• **DATA EXTRACT**
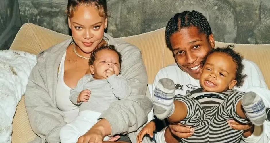 Rihanna acompanhada do marido, A$AP Rocky, e de RZA e Riot Rose, dois de seus filhos |  Foto: Reprodução/Redes Sociais
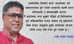 राम शरण देउजा देशको कुनै पनि विकास निर्माणकालागि सरकारले नै विशेष योजना बनाउनु पर्ने हुन्छ । सरकारले बताएको कार्य निर्देशिका, नीति नियम र कानुनबाटै विकास निर्माण गर्ने मार्ग निर्देशन हुन्छ । तर देशमा रहेको कानुन र नीति नियमका कार्यान्वयनमा सरकारी पक्षबाट नै कमजोरी र लापरबाही गर्ने गरेका कारण अधिकाशं आयोजनाहरु रुग्ण बन्ने गरेको पछिल्ला केही … Continue reading सरकारी व्यबस्थापनमा हुने चरम लापरबाहीकै कारण आयोजना रुग्ण
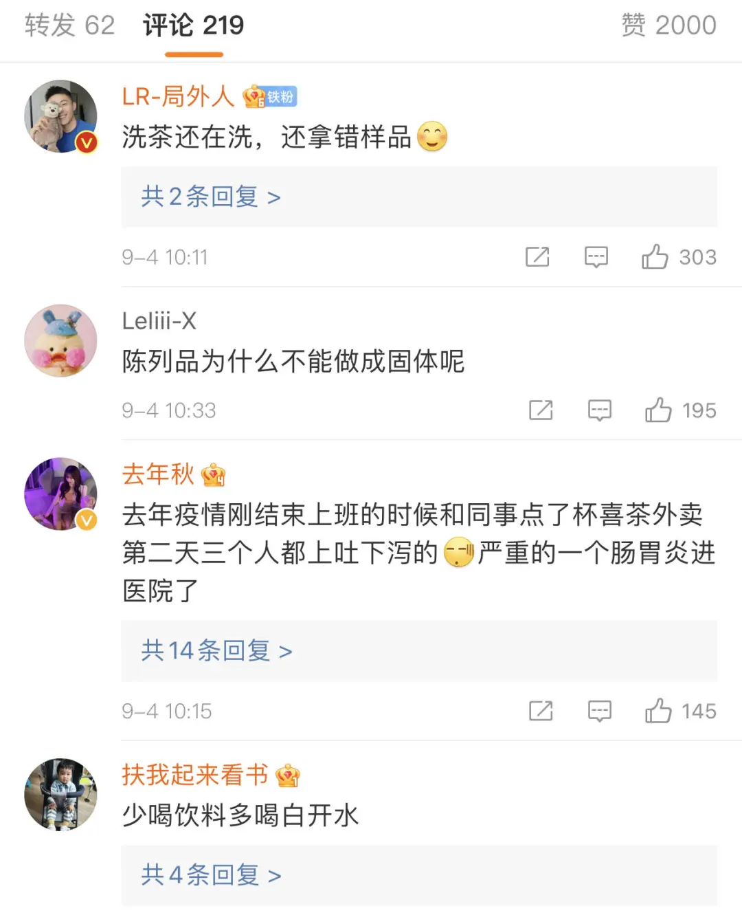 在該條新聞下方,也有網友稱,“喜茶還砸洗,還拿錯樣品”“陳列品為什麼不能做成固體呢”等對喜茶的質疑聲還在繼續。
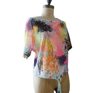 This trendy Full Circle Trends crop top in size S showcases a unique artsy graffiti design. Semi-sheer for a bold look, Scoop neckline, cap sleeves, artsy graffiti print in holey semi sheer fabric, drawstring around bottom
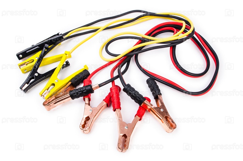 Клеммы автомобильного аккумулятора, изолированные на белом фоне
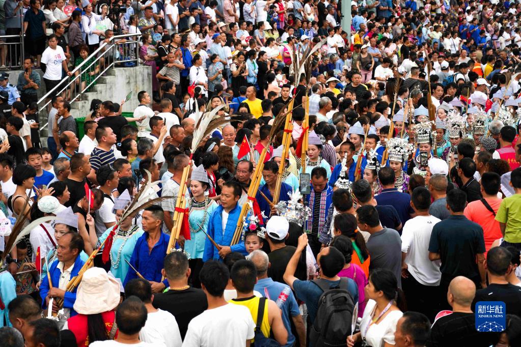6月17日,村民在贵州“村超”足球赛开赛前表演芦笙舞(无人机照片)。新华社发(王炳真摄)
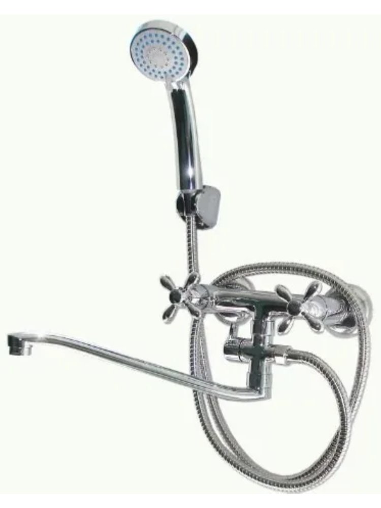 Надёжный смеситель для ванны с длинным изливом 30 см, двуручным управлением, латунным корпусом и хромовым покрытием. Лёгкий монтаж.
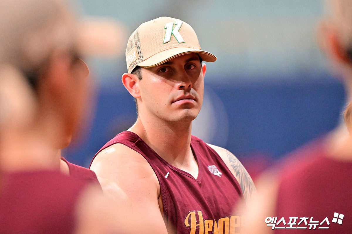 (엑스포츠뉴스 고척, 김한준 기자) 22일 오후 서울 구로구 고척스카이돔에서 열리는 '2025 신한 SOL Bank KBO리그' 롯데 자이언츠와 키움 히어로즈의 경기, 키움 카디네스가 미팅을 갖고 있다.
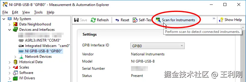 - 确保你在 NI 工具中配置的 GPIB 地址与仪器上的地址匹配。如果地址不正确,扫描时无法发现设备。
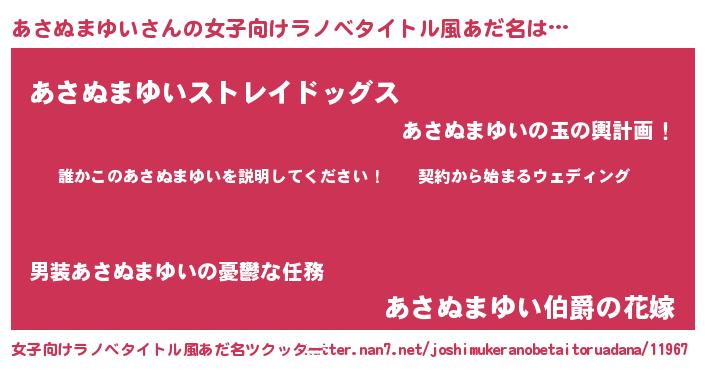 | 胡散臭い通販商品みたいなあだ名 | 『億万長者になれる霊験あらたかなお札…その名も「あさぬまゆい」』 |
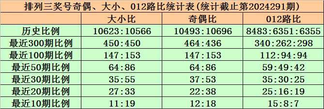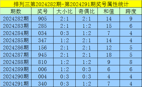上期回顾:排列三第2024291期出现奖号340。开出组六,奇偶比1:2,012路比2:1:0,大小比0:3,和值7,跨度4。
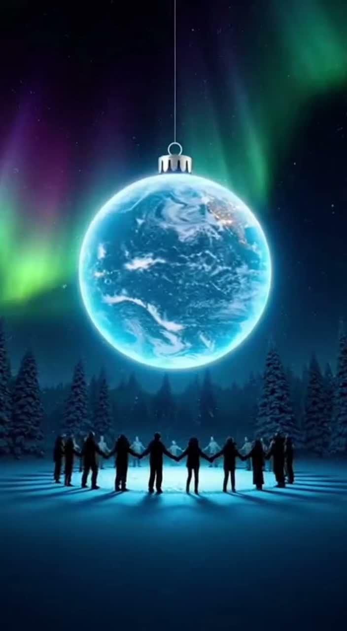 Powerful Orchestral Christmas music, upbeat, uplifting, multicultural representation, soaring strings, powerful woodwinds and majestic bells, backing synth, drums; Male and female vocals of different ethnicities, world, choir-driven with diverse solo voices; claps in places, Festive sleigh bells in background in begining
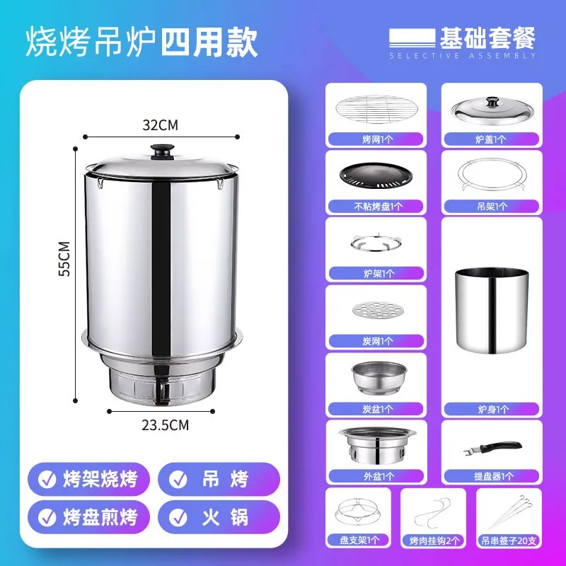 Forno sospeso Fornello per barbecue Griglia per barbecue domestico Fornello per barbecue all'aperto Carbone commerciale Cortile Kebab BBQ Carbonio

• **TO DO**
The entries above need to be transcribed word for word, and the pictures stay out.

• **REPLY TO THE TASK**
 Rihanna acompanhada do marido, A$AP Rocky, e de RZA e Riot Rose, dois de seus filhos |  Foto: Reprodução/Redes Sociais
 राम शरण देउजा देशको कुनै पनि विकास निर्माणकालागि सरकारले नै विशेष योजना बनाउनु पर्ने हुन्छ । सरकारले बताएको कार्य निर्देशिका, नीति नियम र कानुनबाटै विकास निर्माण गर्ने मार्ग निर्देशन हुन्छ । तर देशमा रहेको कानुन र नीति नियमका कार्यान्वयनमा सरकारी पक्षबाट नै कमजोरी र लापरबाही गर्ने गरेका कारण अधिकाशं आयोजनाहरु रुग्ण बन्ने गरेको पछिल्ला केही … Continue reading सरकारी व्यबस्थापनमा हुने चरम लापरबाहीकै कारण आयोजना रुग्ण
 在該條新聞下方,也有網友稱,“喜茶還砸洗,還拿錯樣品”“陳列品為什麼不能做成固體呢”等對喜茶的質疑聲還在繼續。
 This trendy Full Circle Trends crop top in size S showcases a unique artsy graffiti design. Semi-sheer for a bold look, Scoop neckline, cap sleeves, artsy graffiti print in holey semi sheer fabric, drawstring around bottom
 Клеммы автомобильного аккумулятора, изолированные на белом фоне
6月17日,村民在贵州“村超”足球赛开赛前表演芦笙舞(无人机照片)。新华社发(王炳真摄)
 Надёжный смеситель для ванны с длинным изливом 30 см, двуручным управлением, латунным корпусом и хромовым покрытием. Лёгкий монтаж.
 (엑스포츠뉴스 고척, 김한준 기자) 22일 오후 서울 구로구 고척스카이돔에서 열리는 '2025 신한 SOL Bank KBO리그' 롯데 자이언츠와 키움 히어로즈의 경기, 키움 카디네스가 미팅을 갖고 있다.
 - 确保你在 NI 工具中配置的 GPIB 地址与仪器上的地址匹配。如果地址不正确,扫描时无法发现设备。
 | 胡散臭い通販商品みたいなあだ名 | 『億万長者になれる霊験あらたかなお札…その名も「あさぬまゆい」』 |
上期回顾:排列三第2024291期出现奖号340。开出组六,奇偶比1:2,012路比2:1:0,大小比0:3,和值7,跨度4。
 Powerful Orchestral Christmas music, upbeat, uplifting, multicultural representation, soaring strings, powerful woodwinds and majestic bells, backing synth, drums; Male and female vocals of different ethnicities, world, choir-driven with diverse solo voices; claps in places, Festive sleigh bells in background in begining
 Forno sospeso Fornello per barbecue Griglia per barbecue domestico Fornello per barbecue all'aperto Carbone commerciale Cortile Kebab BBQ Carbonio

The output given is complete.